Chapel on Accelerators
People
Supervisor
Description
This project proposes to extend the Chapel language to support offload of limited computational kernels to a range of accelerator devices including NVidia, AMD, and Intel GPUs. This will be achieved through lossless translation from the Chapel compiler's generated LLVM-IR to OpenCL-flavoured SPIR-V, with appropriate library calls for kernel and data management. It will be necessary to define appropriate mappings between high-level Chapel constructs and OpenCL features, which may include making restrictions to the set of constructs that can be used on an accelerator.

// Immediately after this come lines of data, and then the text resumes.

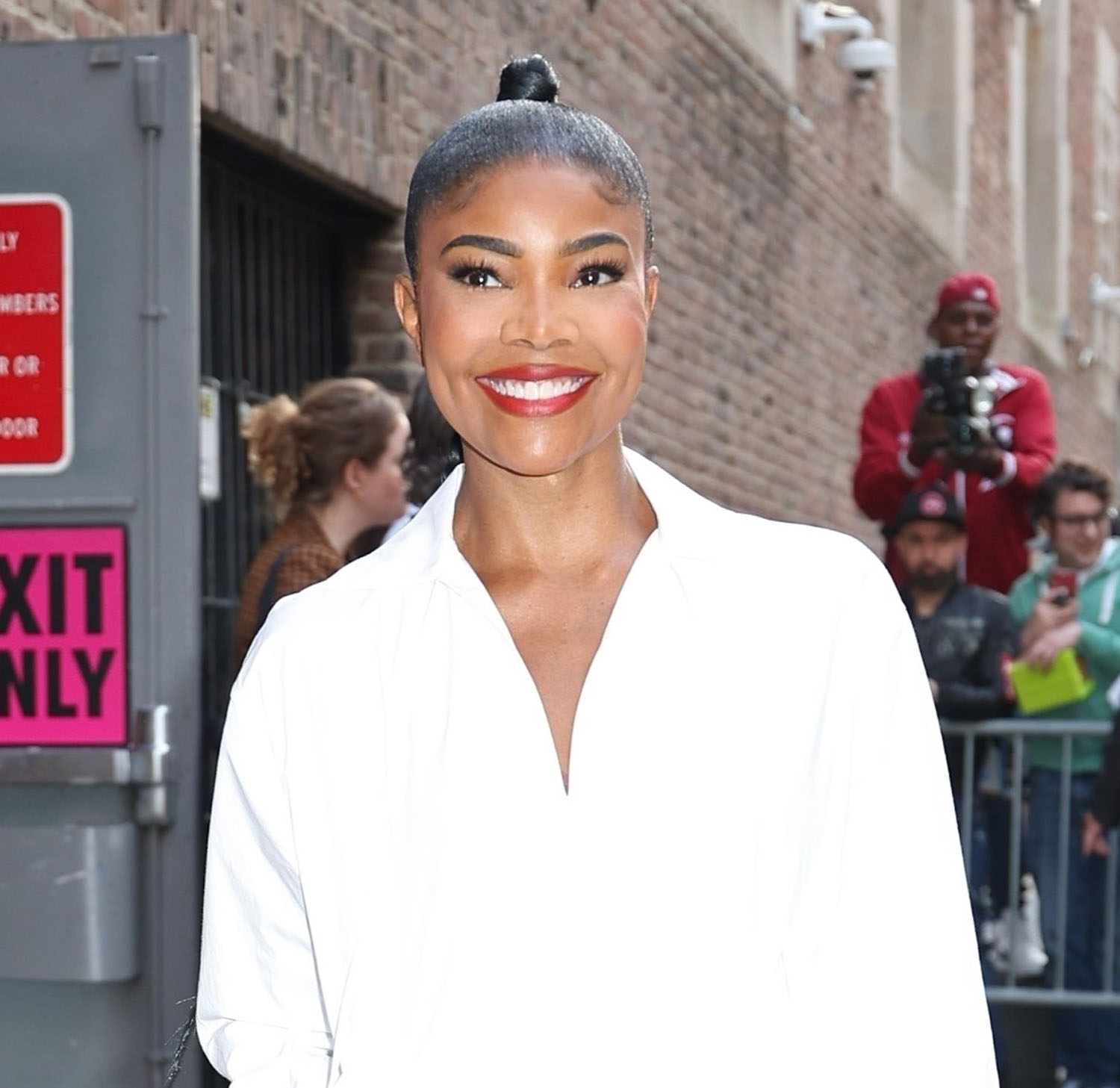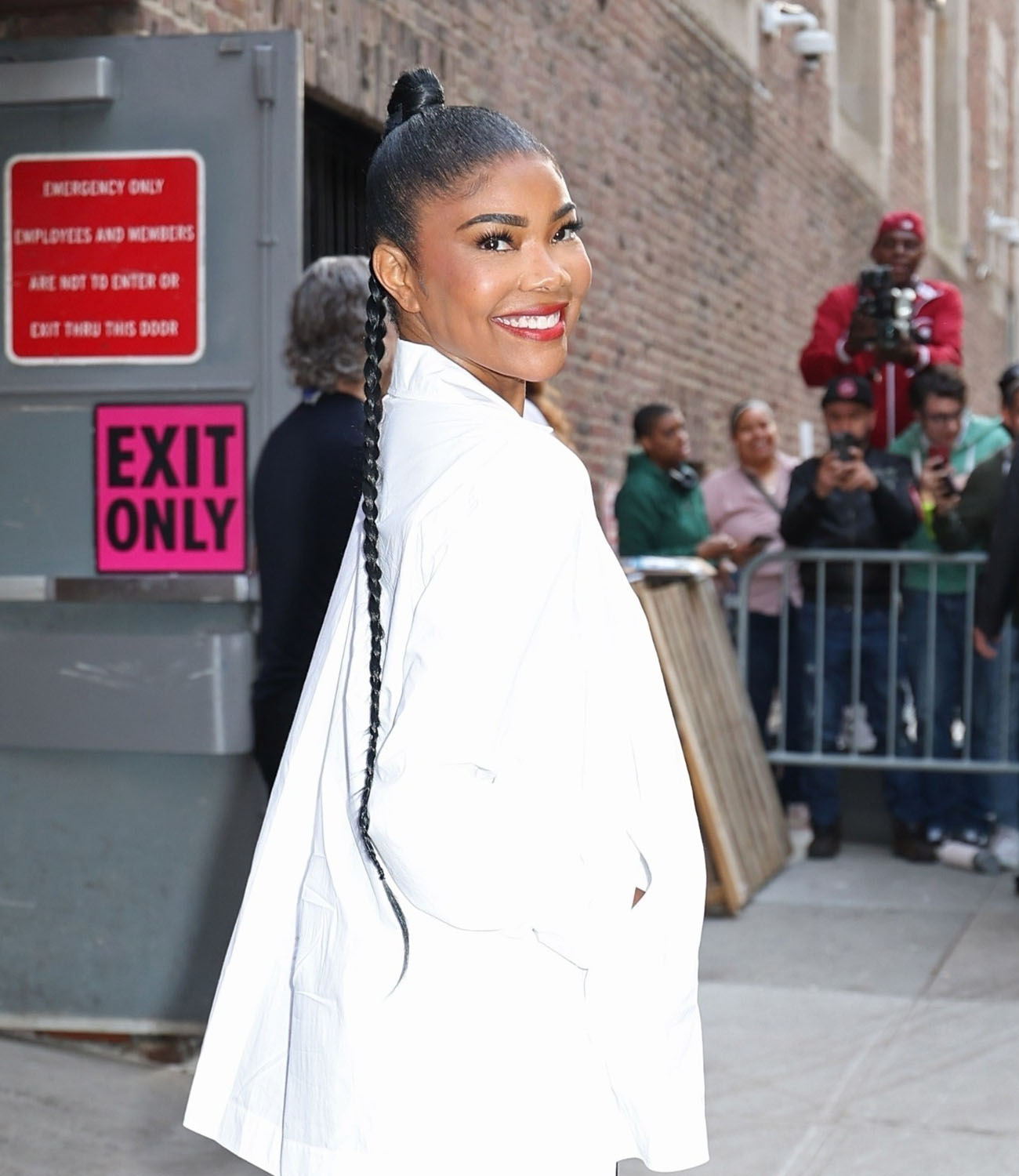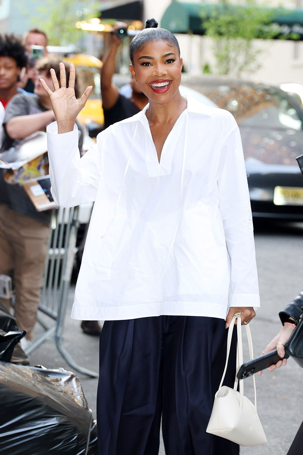 But also let’s not sleep on Gabby’s look from yesterday. She said she only had 30 minutes to get ready and was in such a rush but this fit is giving prepared and perfect. Loose but structured white shirt that’s kinda like a chef’s jacket over black culottes and an excellent braided pony, chic AF.
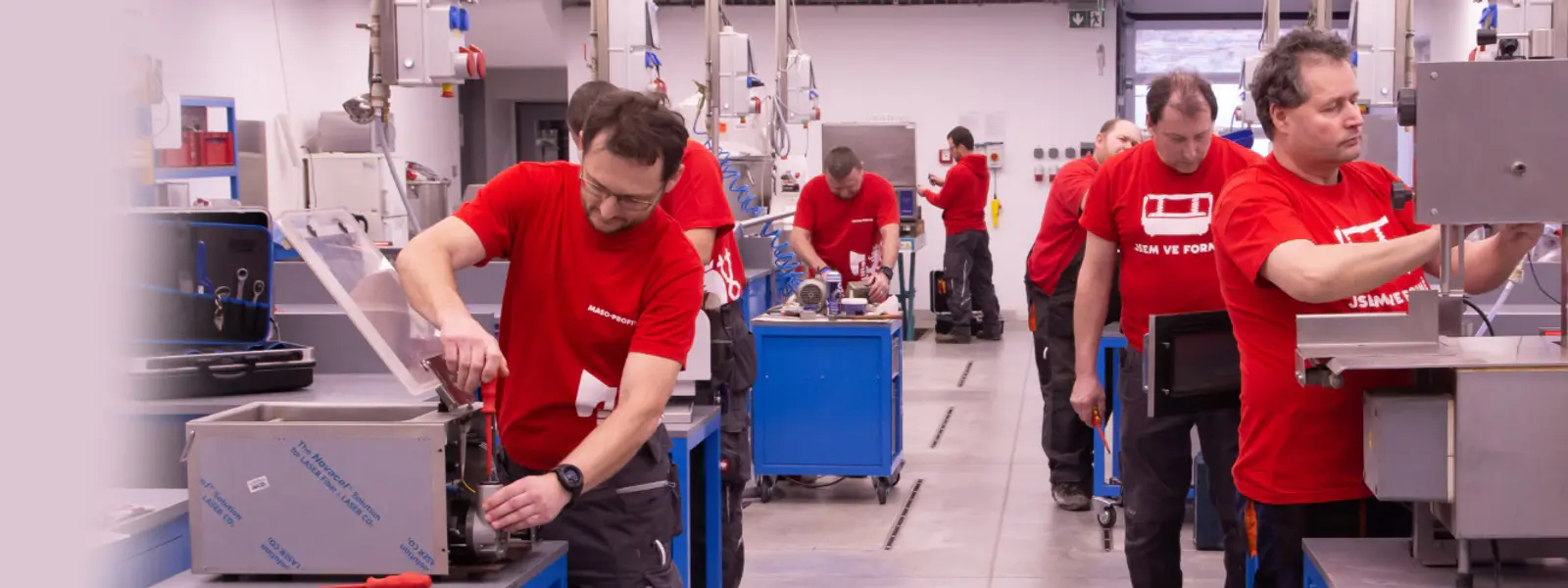 Disponujeme servisním a montážním týmem s dnes již 20-ti zkušenými profesionály, kteří mají k dispozici sklady náhradních dílů na každé naší pobočce.
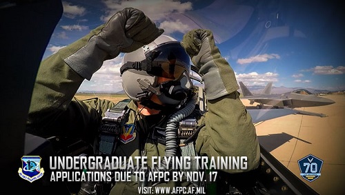 JOINT BASE SAN ANTONIO-RANDOLPH, Texas (AFNS) — Application packages for the next Undergraduate Flying Training selection board are due to the Rated Officer Assignments branch of the Air Force Personnel Center by Nov. 17, 2017.
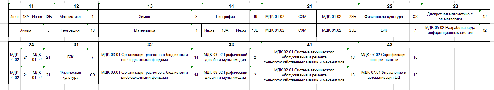 Расписание по дате
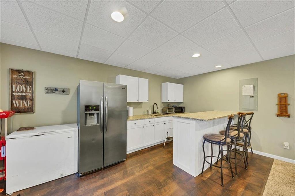 - KitchenBreakfast Room, Breakfast Bar, Cabinets Stain, Stone Counters, Tile Counters, Kitchen Island, Eat-in Kitchen, Pantry, Pantry Walk-In, View to Family Room

Background: The Chapel language is an asynchronous partitioned global address space language developed by Cray for use on high-performance computers. Asynchronous tasks can be scheduled for parallel execution by computational elements in different "locales", or shared-memory areas. Development of the language has so far focused mainly on clusters of multi-core CPU nodes.
SPIR-V is an open standard for intermediate representation for parallel computing defined by the Khronos Group, with wide support from vendors including NVidia, AMD and Intel.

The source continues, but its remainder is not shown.